**INPUT DATA:**
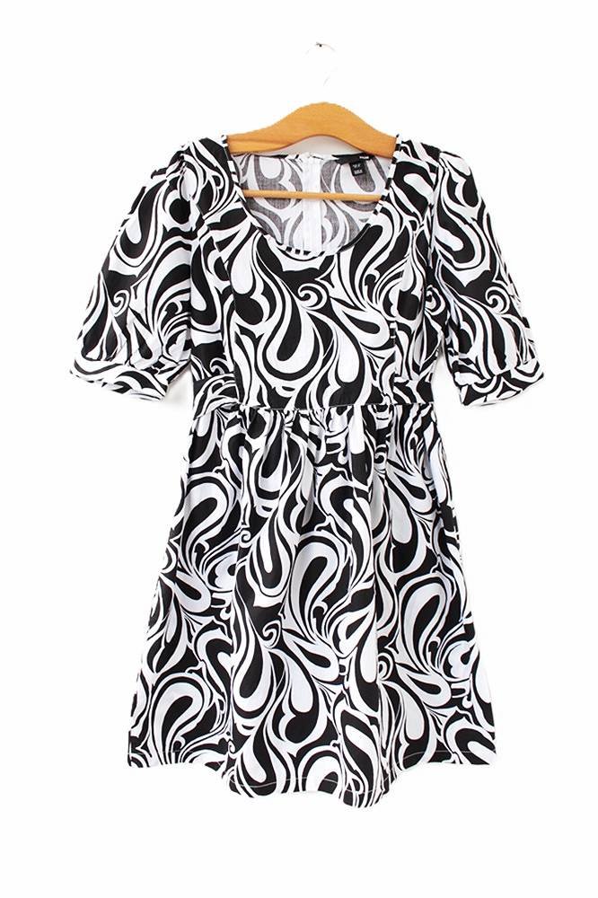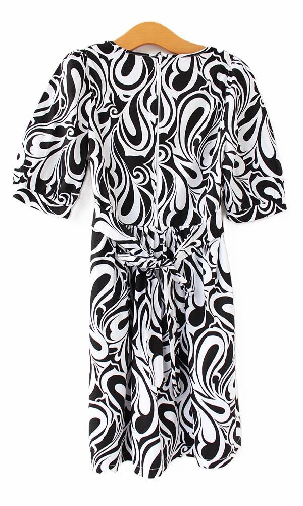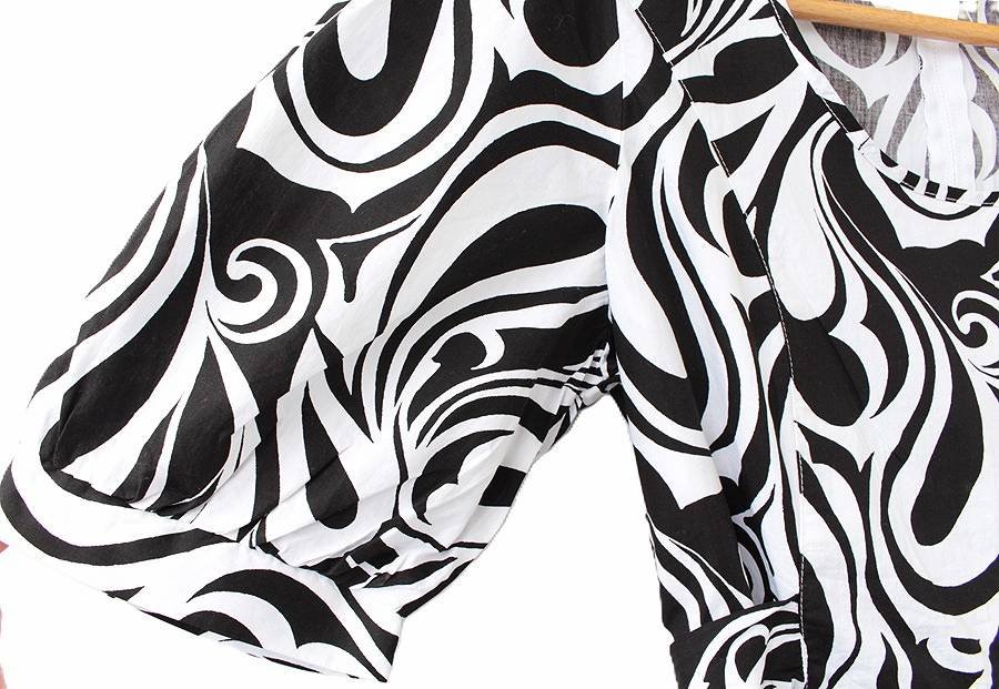 Sukienka vintage z dobrej jakościowo bawełny. Sukienka jest rozszerzana ku dołowi. Talię można podkreślić wiązanym paskiem. Z tyłu zapięcie na suwak.
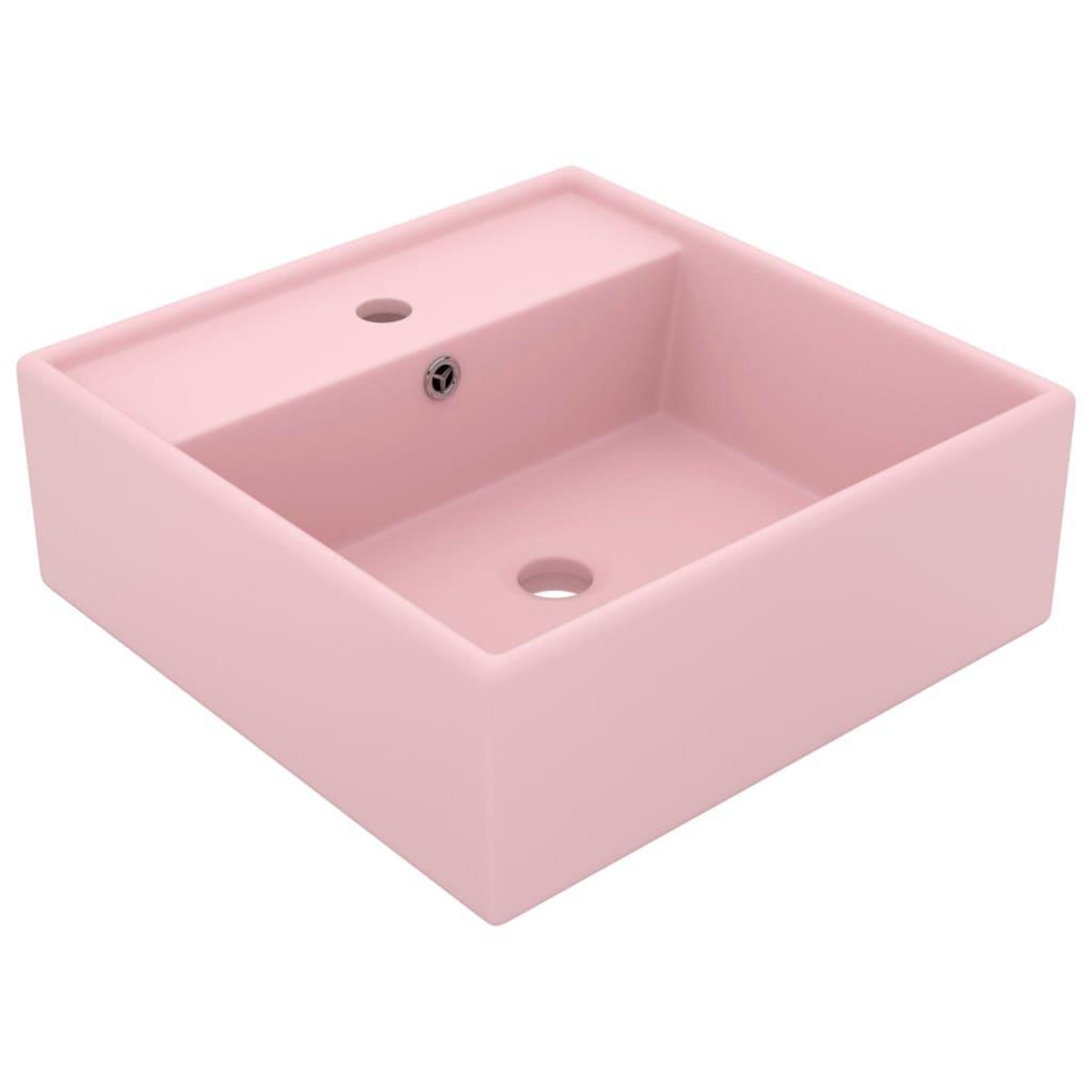 Lavabo carre de luxe a trop-plein Rose mat 41x41 cm Ceramique
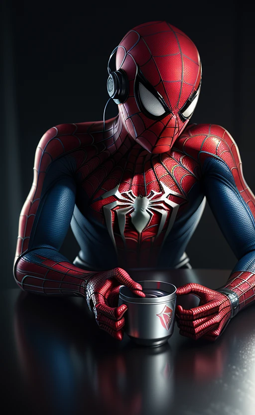earphone on the table with the design and character of spiderman The earphone is gold and red dark, no watermark, no copyright, high gloss, highly detailed, intricate, silver scrollwork, unreal engine 5, octane render, lumen reflections, quixel megascan, 8k, studio lighting, —ar 1080:1920
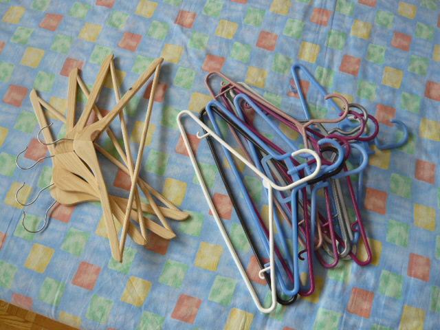衣架 (木质: 5个$1, 塑料:10个$1)
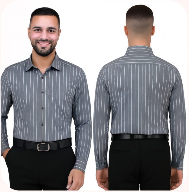 قميص رجالي رمادي مخطط – تصميم كلاسيكي بلمسة عصرية
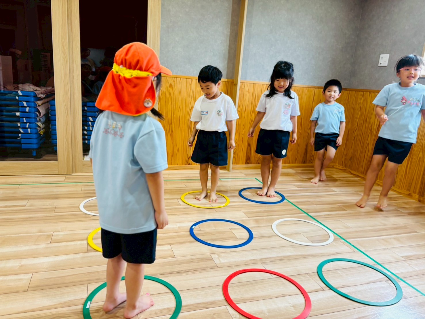 その後は9マス鬼をして、1・2・3のリズムに合わせて鬼ごっこを楽しみましたよ🤭
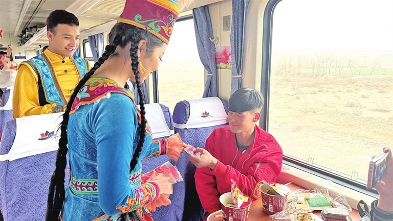 5818次列车全程1764公里,运行22小时31分钟,途经洛浦、于田、策勒、民丰、且末、库尔勒等站点,是沿线群众出行的“便民公交”,也是联通南北疆的“连心车”。活动结合多种形式,让慢火车不仅是“出行车”,更成为文化传播、助农增收、凝聚人心的“移动平台”。
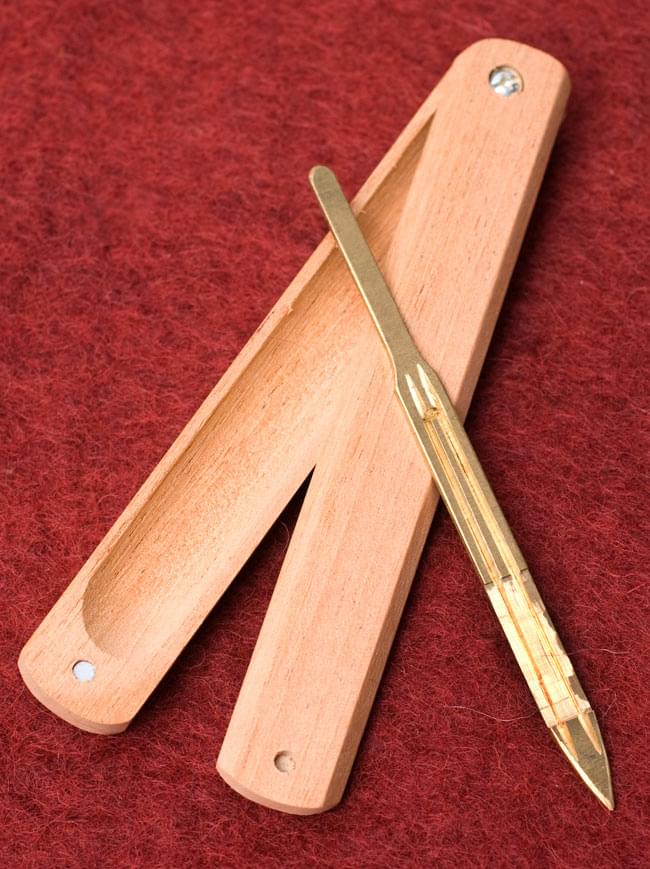 ケースは竹の筒に布が貼ってあるよう。布はチロリアンテープのような綺麗な布で、見た目も良く、持っていて嬉しくなります。
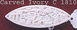 IVORY SHUTTLES. Hopefully modern shuttles made from ivory are scarce, but they were very popular in the 18th and 19th centuries. They range from plane ivory, to those engraved and carved. The most famous of ivory shuttles is the deeply carved ones that came form China for the European market. The commentators on this say that it was pretty useless to tat with, because of the filigree carving that caught on the thread. My own observation on these shuttle is that they are "very" thin (in height) and that you could get hardly any thread on it. I recall chatting to Nerylla about this one day and I said that I thought that they had made the shuttle from a picture, rather than from an actual shuttle. My point is that the makers did not understand the function of the tool, and made to from a picture or drawing that they had, thus it ended up so very thin. We had a laugh and she generously acceded to my idea, but I am not sure if she was convinced!! I said this to Nerylla for a very good reason. I was once asked over the phone to turn a display paper weight for a "bullion" embroidery. I was given rough dimensions and I then made it. It looked good, but the depth that I had left between the glass and the embroidery was far too small. You see, I had no practical idea of just what I was making. Well here is another of Neryllas shuttle for you to look at. The focus is not as good as I would like, but it is the famous Canton carved ivory shuttle.
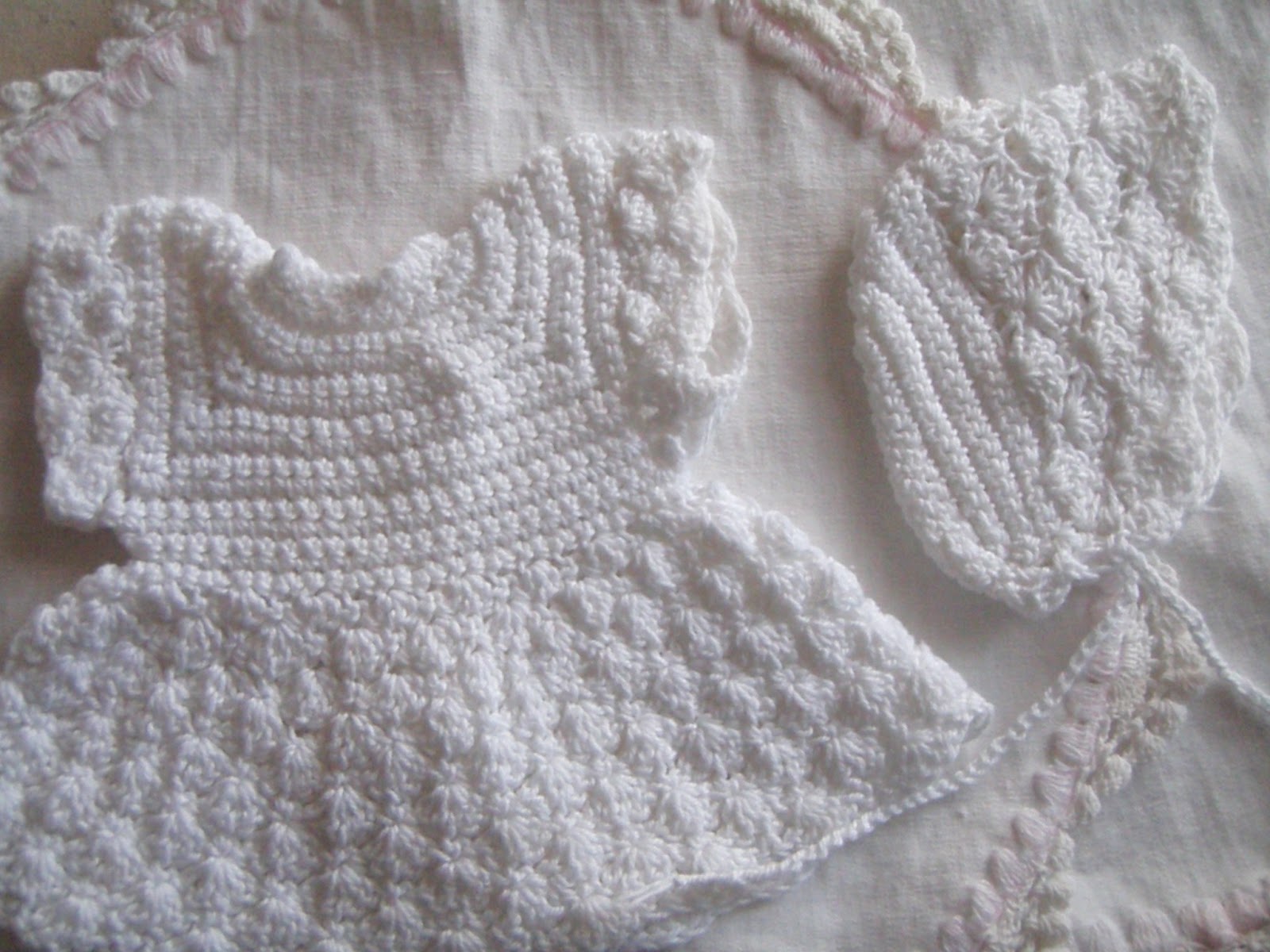 I bought the tiny plastic doll that these crocheted items belonged to just for the clothes. She was in a very bad way and has gone to doll heaven. But the tiny stitches and detail of this work shows how much love (versus money) was once invested into a child's play thing. For scale, the vintage cotton doilies in the background are eight inches!

**EXERCISE DIRECTIONS:** Restate word for word the lines of the data above that begin at the line with "earphone on the" and end at the line with "ケースは竹の筒に布が貼ってあ", keeping both ends and dropping every picture.

**SOLUTION FOR THIS PROBLEM:**
earphone on the table with the design and character of spiderman The earphone is gold and red dark, no watermark, no copyright, high gloss, highly detailed, intricate, silver scrollwork, unreal engine 5, octane render, lumen reflections, quixel megascan, 8k, studio lighting, —ar 1080:1920
衣架 (木质: 5个$1, 塑料:10个$1)
 قميص رجالي رمادي مخطط – تصميم كلاسيكي بلمسة عصرية
 その後は9マス鬼をして、1・2・3のリズムに合わせて鬼ごっこを楽しみましたよ🤭
 5818次列车全程1764公里,运行22小时31分钟,途经洛浦、于田、策勒、民丰、且末、库尔勒等站点,是沿线群众出行的“便民公交”,也是联通南北疆的“连心车”。活动结合多种形式,让慢火车不仅是“出行车”,更成为文化传播、助农增收、凝聚人心的“移动平台”。
 ケースは竹の筒に布が貼ってあるよう。布はチロリアンテープのような綺麗な布で、見た目も良く、持っていて嬉しくなります。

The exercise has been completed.